(Supplied information):
▼
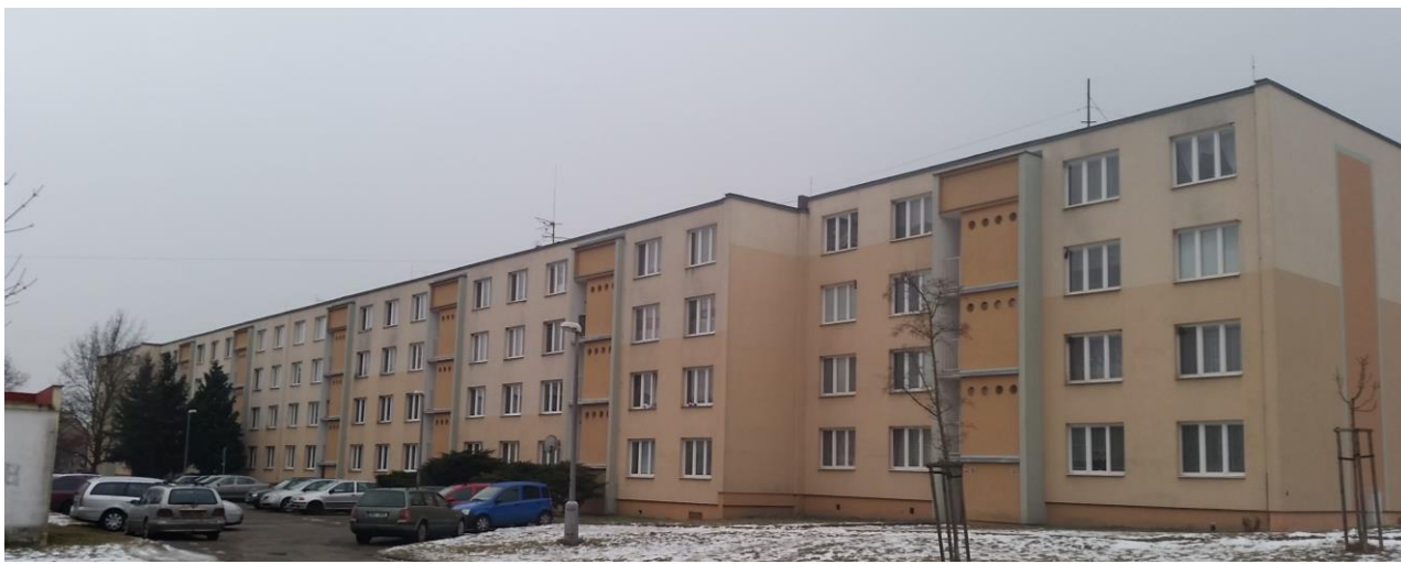
Foto domu západní strana
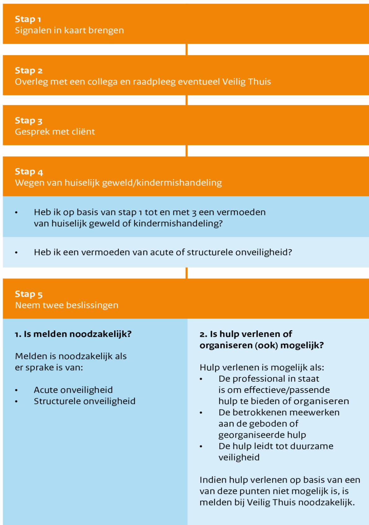
Figuur 1: Stappenplan verbeterde meldcode
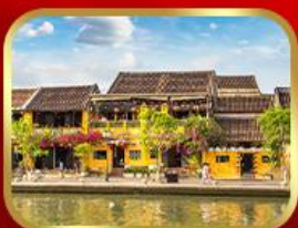
เที่ยวเมืองเก่าฮอยอัน
▲
Exclude every image and return the material above exactly.

Foto domu západní strana
Figuur 1: Stappenplan verbeterde meldcode
เที่ยวเมืองเก่าฮอยอัน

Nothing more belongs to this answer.